Mission Statement
The Department of Theatre & Dance develops creative citizens who pursue multiple ways to know and articulate truths about the world through the study and practice of performance. The curriculum melds intensive studio training and substantive critical analysis in the liberal arts tradition.
The departmental production season affords further opportunities for embodied application of artmaking in the public arena. We aim to produce flexible, rigorous artist-thinkers who can contribute to the greater good. Our course offerings and productions embrace diverse aesthetic forms drawn from various performance techniques, historical eras, and cultural traditions.
Collaboration is our core value and the foundation of the program. Faculty, staff, and students join together to create a spirited department characterized by trust, personal responsibility, healthy risk-taking, and mutual respect. Ultimately, the department equips students with the intellectual, artistic, and interpersonal skills to comprehend and adapt to a changing world and in turn remake it as independent thinkers, citizens, and creators.
Learning Goals
Students should:
- Investigate the functions and value of performances in human life by making performances and by studying them.

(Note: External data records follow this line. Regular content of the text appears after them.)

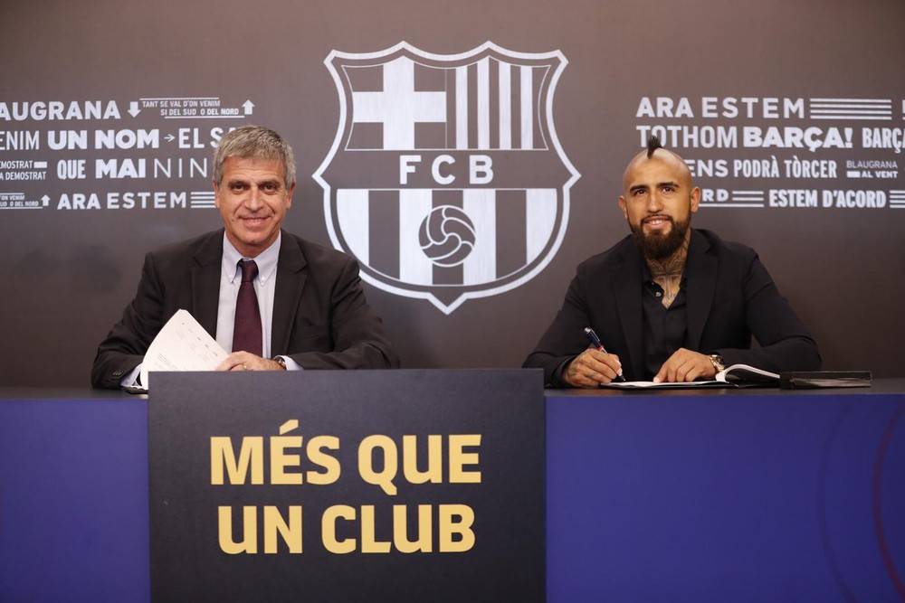 Uma das maiores contratações da Barcelona na temporada, o meia Arturo Vidal teve uma manhã movimentada no novo clube. O jogador realizou exames médicos, assinou contrato e foi oficialmente apresentado na equipe catalã nesta segunda-feira, na tribuna do Camp Nou. Vidal posou segurando a camisa azul e grená – ainda sem número – e afirmou estar feliz por atuar no time que classificou como “melhor do mundo”.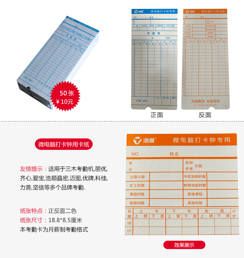 商品名称:浩顺 得力齐心科密爱宝打卡钟考勤卡纸微电脑打卡器通用纸卡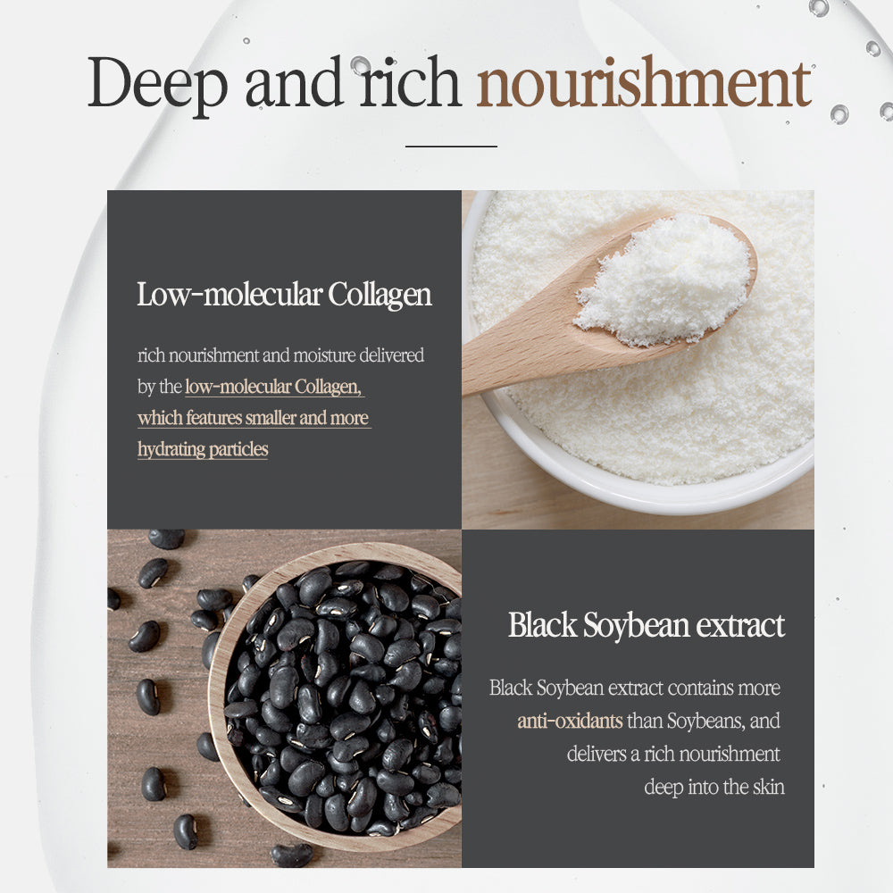 Rica en extracto de soja negra (que contiene vitamina E y antioxidantes) para brindar una nutrición intensa y lograr una piel luminosa y de aspecto saludable.

- Create meaningful and vivid performances using a variety of generative artistic processes.
- Analyze performances in cultural and historical context using a range of contemporary scholarly methods.

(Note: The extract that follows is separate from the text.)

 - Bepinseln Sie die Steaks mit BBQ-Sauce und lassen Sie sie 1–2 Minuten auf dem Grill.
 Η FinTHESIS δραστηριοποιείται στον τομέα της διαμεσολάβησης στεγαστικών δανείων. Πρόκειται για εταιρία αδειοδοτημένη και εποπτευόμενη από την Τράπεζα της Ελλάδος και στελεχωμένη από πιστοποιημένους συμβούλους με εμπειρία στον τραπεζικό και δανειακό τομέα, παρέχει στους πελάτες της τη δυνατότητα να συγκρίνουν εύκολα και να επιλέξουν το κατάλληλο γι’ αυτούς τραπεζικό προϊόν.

- Integrate embodied and scholarly/analytic approaches to performance.
- Make artistic choices informed by conceptual understanding and practical training.
- Exhibit a rigorous work ethic grounded in a productive approach to collaboration.

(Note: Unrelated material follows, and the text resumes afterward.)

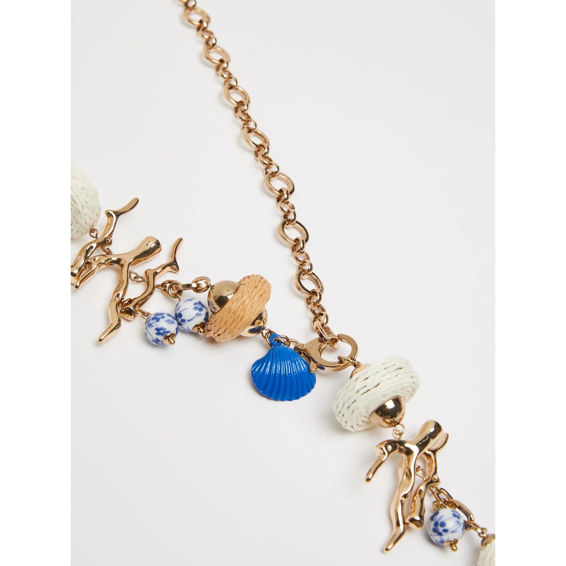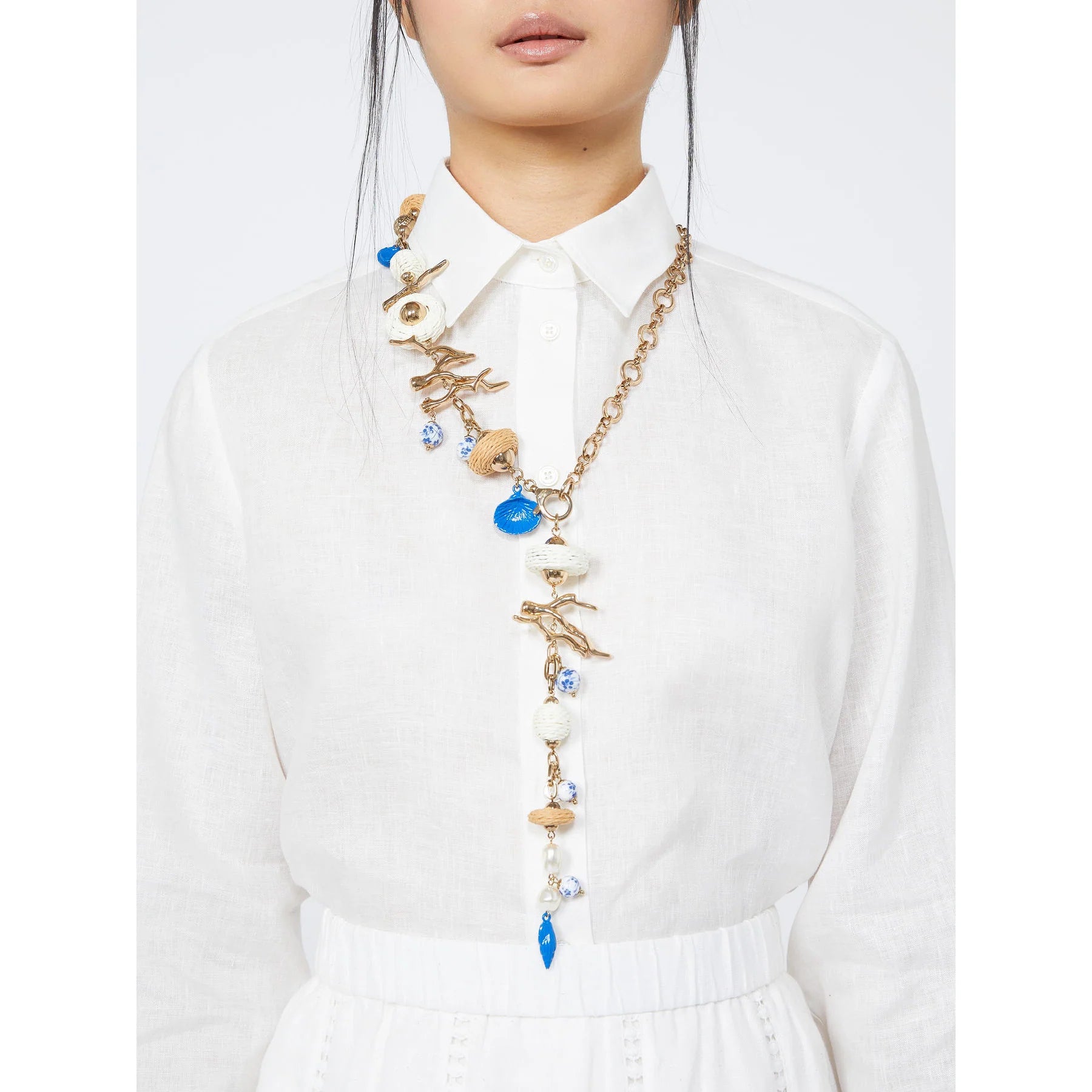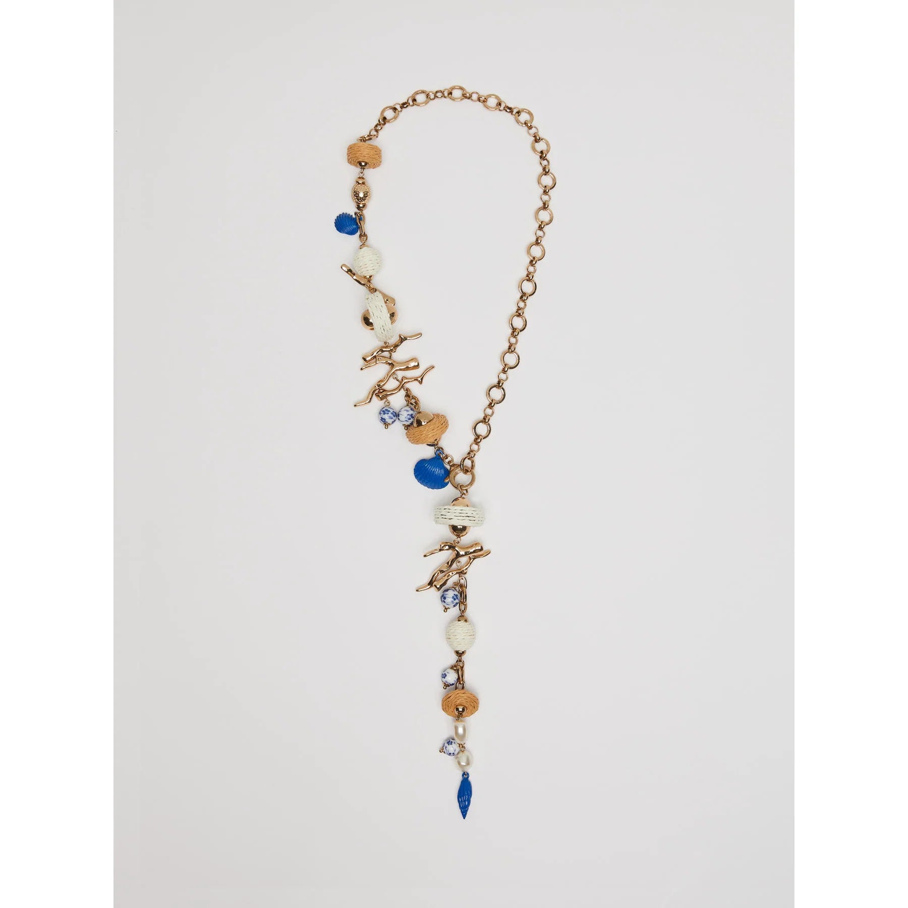 Lariat necklace adorned with ceramic, viscose and resin elements.

- Develop a personal yet self-reflective voice, expressed in artistic and scholarly/analytic modes.
- Discern their individual contribution to the performing arts as producers, advocates, critics, and consumers of culture.
- Write creatively and cogently about performances.
- Cultivate an informed artistic point-of-view sharpened by the integration of knowledge about theatrical performance with insight derived from interdisciplinary connections within the broad liberal arts framework.